Coffee-ground micropores absorb odors and perpetually reflect UV rays. Several casualwear and sportswear brands have used it in their collections: Hugo Boss (polo shirt for 99.90 €, made with 40% S.Café®), Timberland (Cycling Falmouth jacket, 160 €, with 42 grams of coffee grounds, in other words, 16% S.Café®), and Louis Garneau (Drytex 3400 cycling pants with 62% S.Café®).

Fermented tea
Growing your clothes: here’s a concept from a pioneer in bio-culture, British designer Suzanne Lee, who managed to grow her fabrics using living microorganisms. The cultivation is conducted using kombucha, an acidic drink with a green tea base. This fermented tea is mixed with bacteria and yeast. The bacteria feed on sugar and produce a membrane: microbial cellulose. After a few weeks, this material is dried and molded before it is manufactured. A young French designer took up this idea by growing a symbiotic bacterium called “scoby”. Like a fungus or Mother of Vinegar, this scoby grows by developing mold. Stelina Lorieux thus obtained organic matter, with an initially gelatinous consistency, which solidifies after dehydration. French start-up Open Biofabrics, specialized in bio-design using scoby, also wants to revolutionize the textile world by replacing garment factories with high-tech laboratories.
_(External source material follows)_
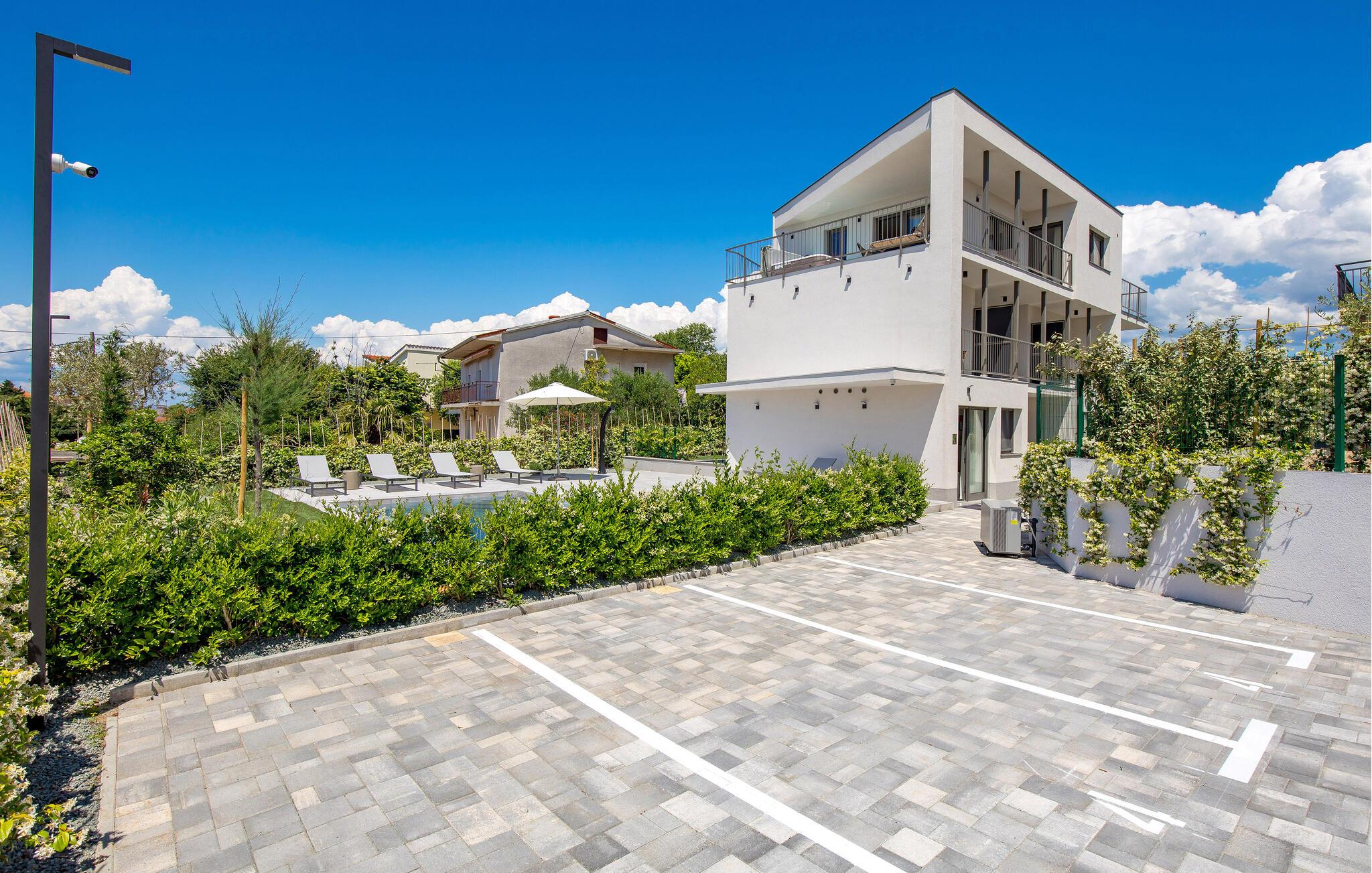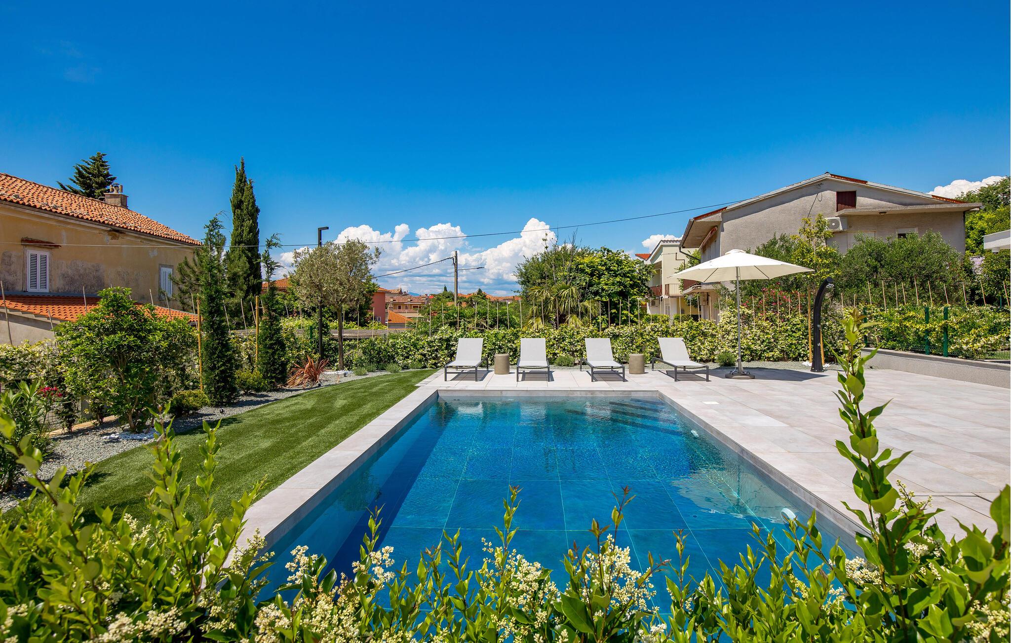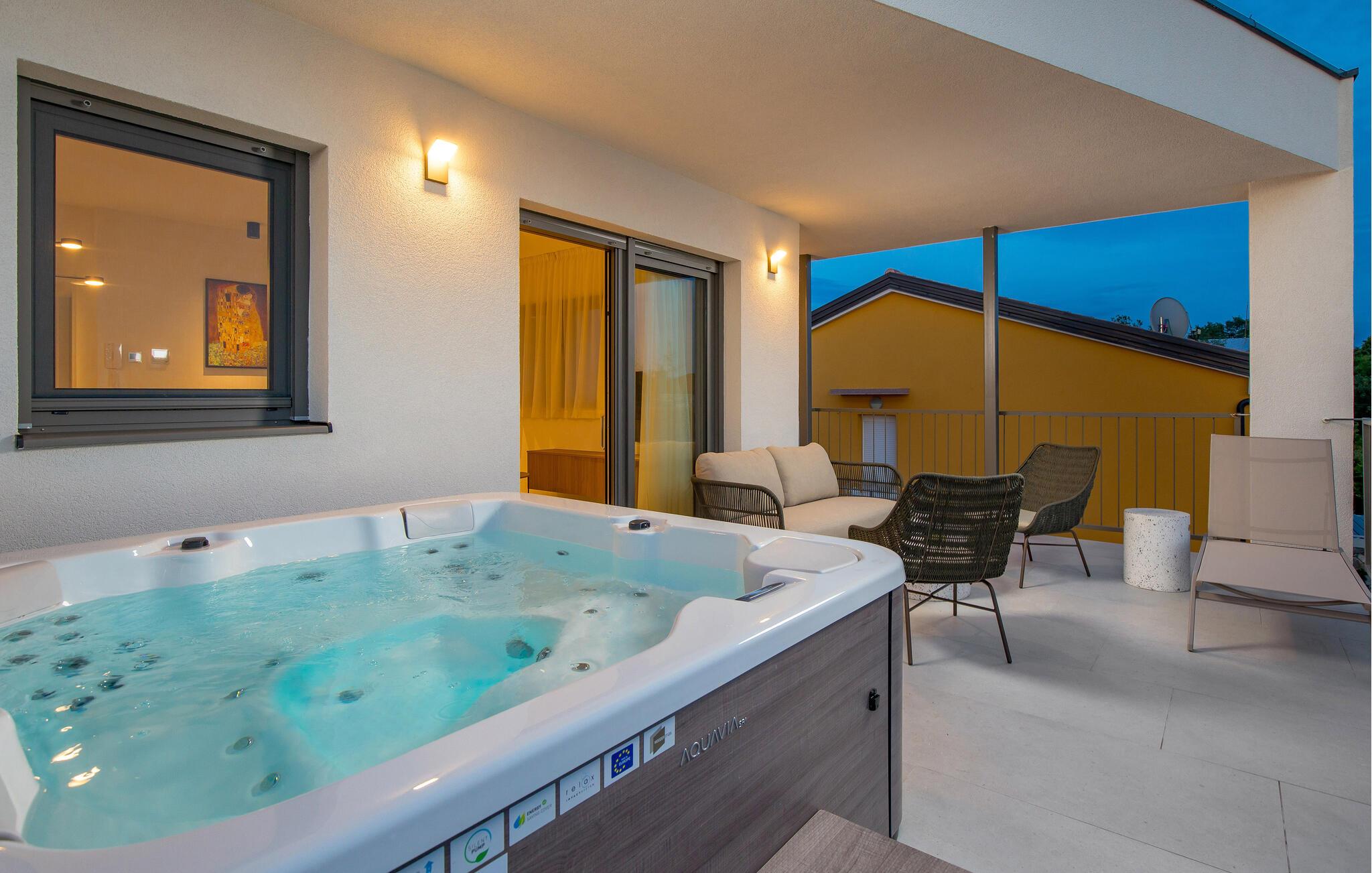 Tilbring jeres ferie i denne luksuslejlighed med privat spabad og opvarmet fælles pool.

Starting in 2011, Suzanne Lee presented her first jackets and shoes made from “kombucha”. In 2016, it was Young A. Lee’s team, a researcher from the University of Iowa, and author of “Sustainable Fibers for the Fashion Industry”, who presented similar work on jackets and shoes, emphasizing the biodegradable aspect of this fiber. Despite a truly virtuous life cycle, this new cellulose fiber is not yet fully ready for market: issues with moisture absorption make the fabric less durable. Its manufacture in a lab setting have yet to be scaled up to an industrial level. We’re not quite there yet.